Iron & Bass

Short Interpreter Story

Joe Parker - Feb. 1, 2002

Once there was an interpreter who lived in the suburbs outside the big city. Every day he shuttled into the metro area and worked in a shoe store.

The interpreter, whose name was Frank of the Many Tongues, was skilled in the languages of Europe and Asia and in the languages of old. His accents were precise, and words flowed effortlessly from his mouth all day long to facilitate transactions in the shoe store.

"What size is this?" Frank often translated from one language to another. "May I see these in an 8 wide?"

Frank was an invaluable resource.

Some days after work Frank walked down to the waterfront to rest his throat and watch the freight ships swim in from the horizon. Frank could read the writing on the side of every foreign freighter, and this pleased him, in part because he knew no one else had that ability.

"But alas," Frank thought to himself in a sentence that began in Japanese and ended in German and that only he could understand, "I am truly alone in this weary world."

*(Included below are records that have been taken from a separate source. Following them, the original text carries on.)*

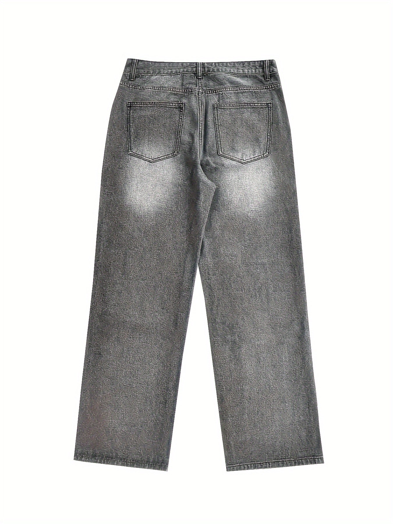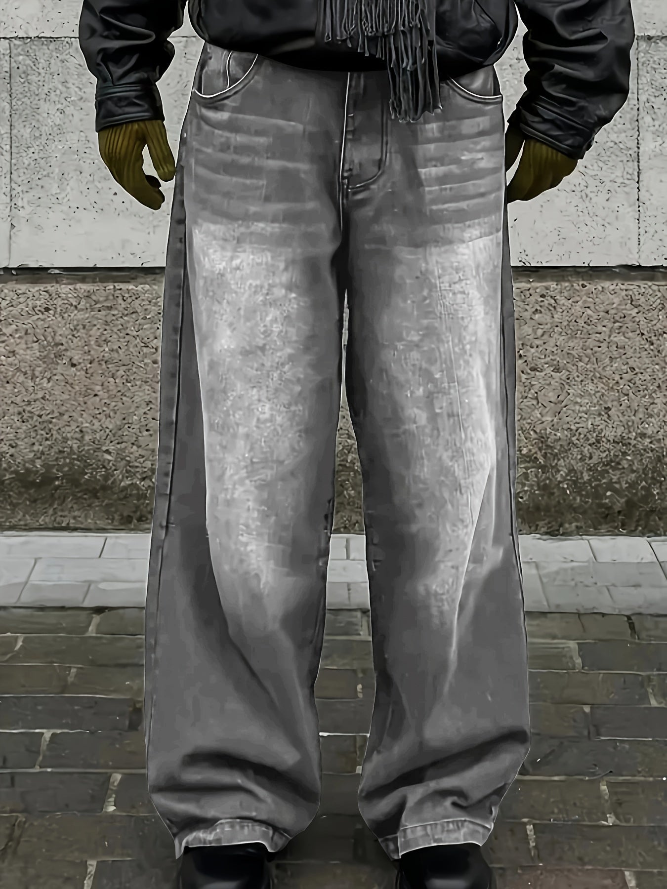 Men's Extra Long Loose Fit Denim Jeans with Geometric Pattern Cotton Blend Non Stretch Fabric Zipper Fly All Season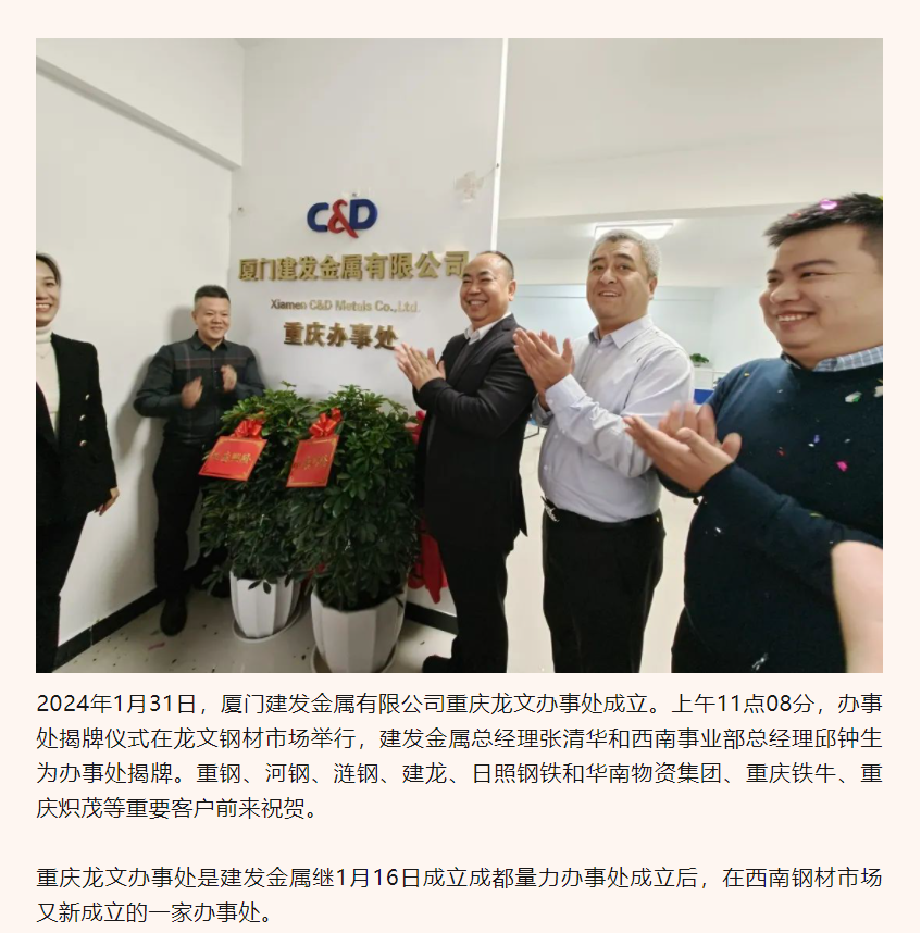 續添新力!建發(fā)金屬重慶龍文辦事處成立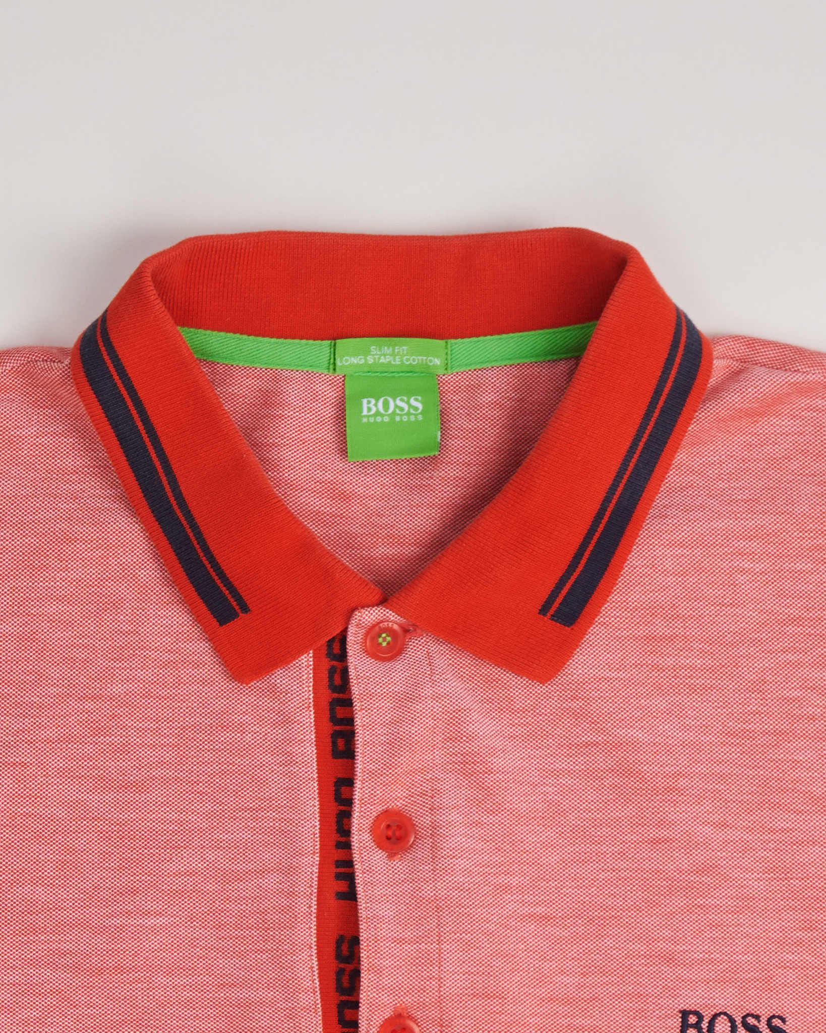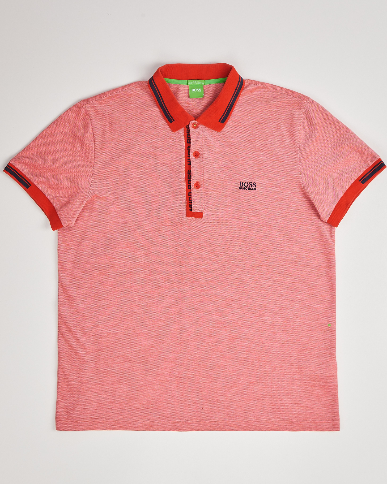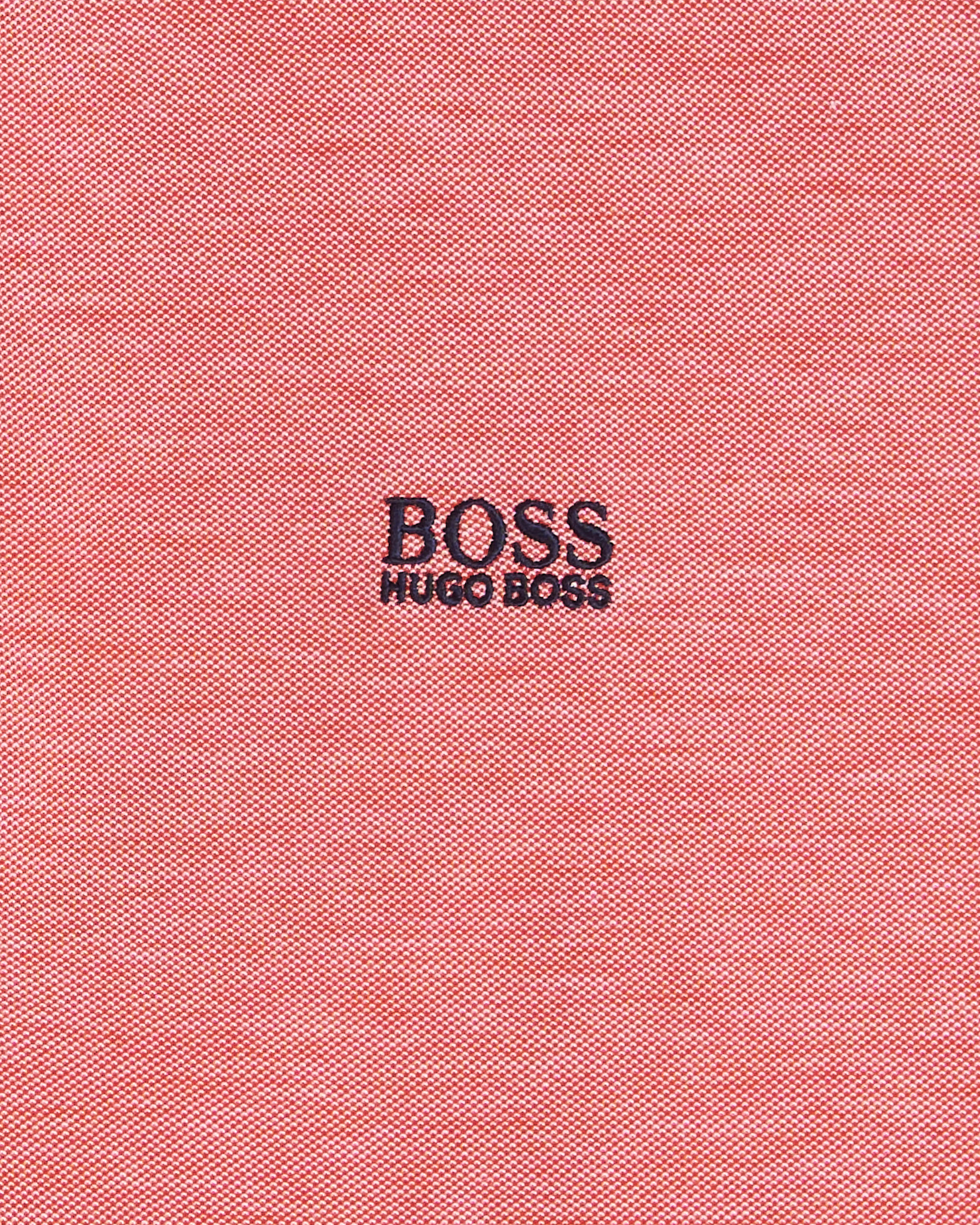 Поло из хлопка Hugo Boss темно - розового цвета. Прямая посадка. На груди вышит логотип. Брендированные пуговицы. Внутренняя часть воротника украшена яркой зеленой вставкой.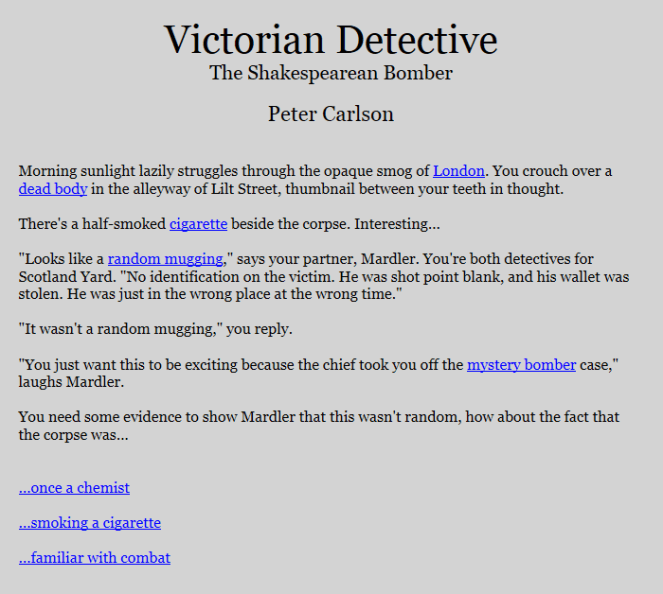 Curiosities Victorian Detective April 25, 2015November 17, 2018 Varietats Want to be a detective? With Text Adventure, you will have an internal monologue that will guide you in this Victorian Detective! Here’s the first chapter… Share this: Click to share on X (Opens in new window) X Click to share on Facebook (Opens in new window) Facebook Like Loading... Related Share this: Click to share on X (Opens in new window) X Click to share on Facebook (Opens in new window) Facebook Like Loading...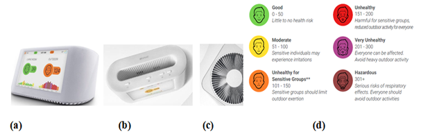 Figure-2. Air visual nodes used in data collection: (a) screen view of the node. (b) top view of the node with four navigating buttons. (c) Advanced laser particle sensor inside the node, which is capable of measuring the carbon dioxide and particulate matter concentrations and (d) Air Quality Index display on Node’s screen (color change according to the variation of the registered pollutant concentration levels from Good to Hazardous air).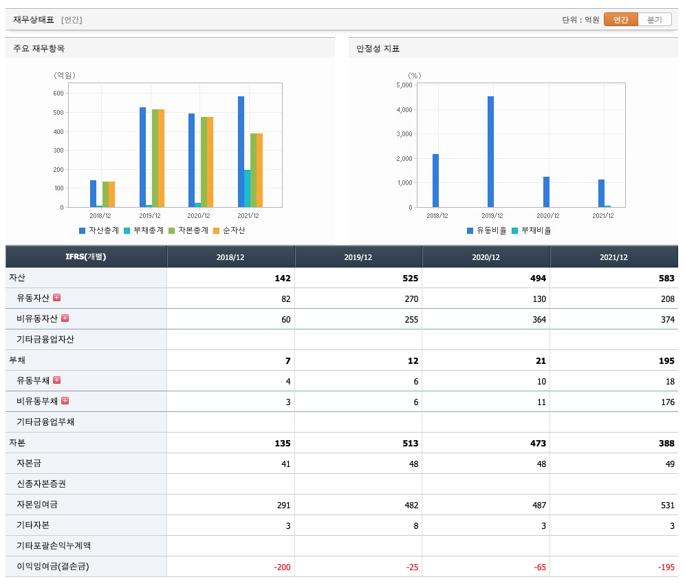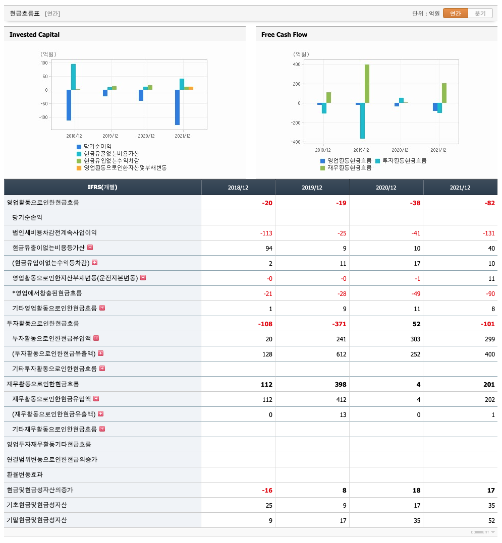 FCF(미래현금흐름) : 2019년 -62억원, 2020년 -155억원, 2021년 -133억원으로 CAPEX가 좋습니다.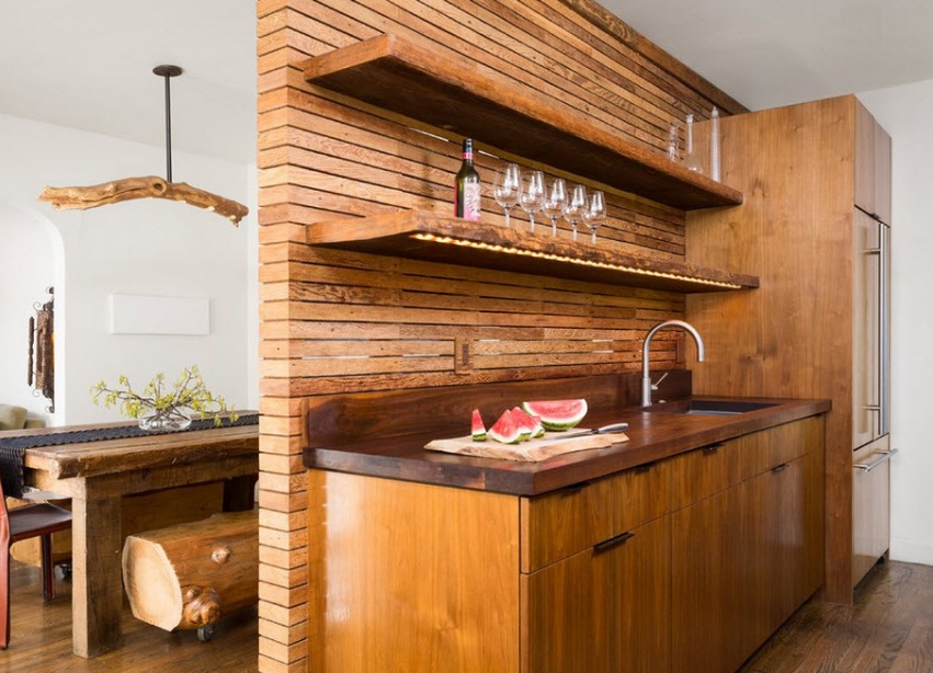 الزجاج بالإضافة إلى الخشب الطبيعي يبدو المرموقة ، ويؤكد على أسلوب وطعم أصحاب الداخلية.
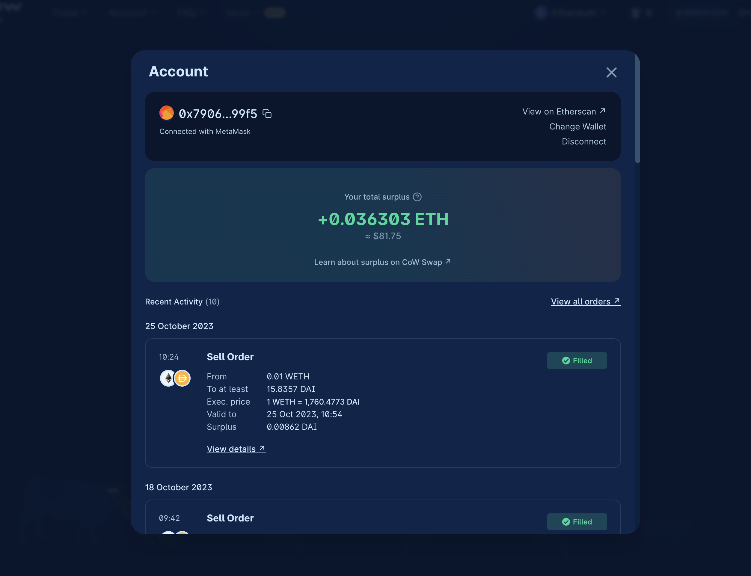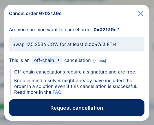 Changed your mind? Not a problem! CoW Swap makes it easy and gasless1 to cancel your order.
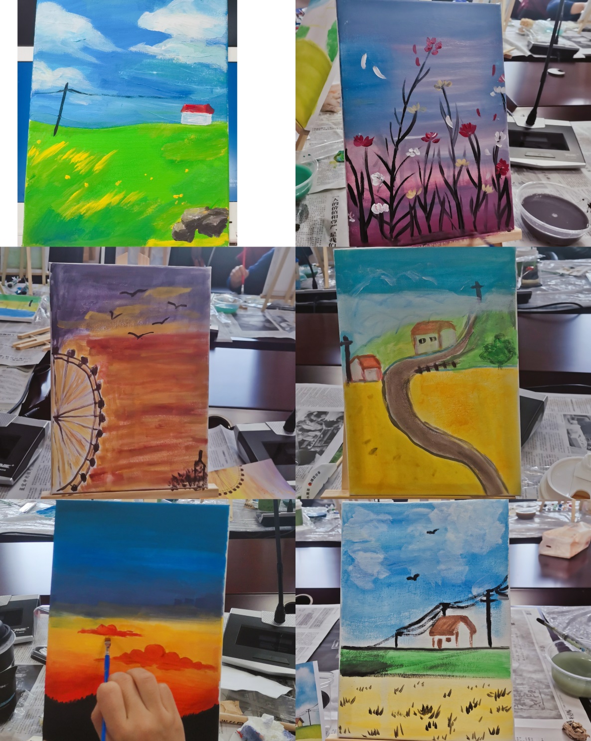 几笔勾勒似云锦,点墨绘出心中情。绘画是一项令人内心平和愉悦,获得成就感的艺术,现场的活动意趣盎然,令老师们热情高涨,大作频出,意犹未尽。

Frank considered - in Hebrew - how ironic it was that his proficiency for language had left him feeling so isolated.

"Quite ironic, indeed!" Frank told himself in Spanish. But the pleasure that comes from uncovering one of life's ironies faded quickly, for Frank of the Many Tongues was indeed a sad man, in any language.

Frank reasoned he was destined for solitude and that the best remedy for his sorrow was to pour his energies into his work. Several weeks later, Frank came to the waterfront at sundown after a particularly talkative day at the shoe store.

"At last, a moment of peace," Frank reflected in the language of his youth.

As he rested, he heard the faint but distinctive sound of Latin being sung from a short distance along the pier. The words were carried by the sweet voice of a young woman, and as they rose in the air shifted now to Russian, now to Portuguese, as smoothly as the waves turned over onto one another in the sea below.

"Great Wolf of Beauty!" Frank exclaimed to himself in an American Indian dialect, for he now gazed upon as fair a woman he'd seen during his life in the big city.

The woman walked toward him as she sang her last verse, in French, then stood before Frank and held out her hands.

"Frank of the Many Tongues," she spoke in an Ancient Greek dialect. "I have searched for you over long years, in every shoe store along the cities of the coast, hoping to find the One who could hear my song."

"And you have found me," answered Frank in Italian, grasping her hands and looking deep into her sparkling eyes.

He quickly led her away from the waterfront, for evening was getting on and hunger had set in. Frank was eager to begin his new life of love, and decided that dinner was a perfectly acceptable starting point. He knew a good pizza shop a few blocks away.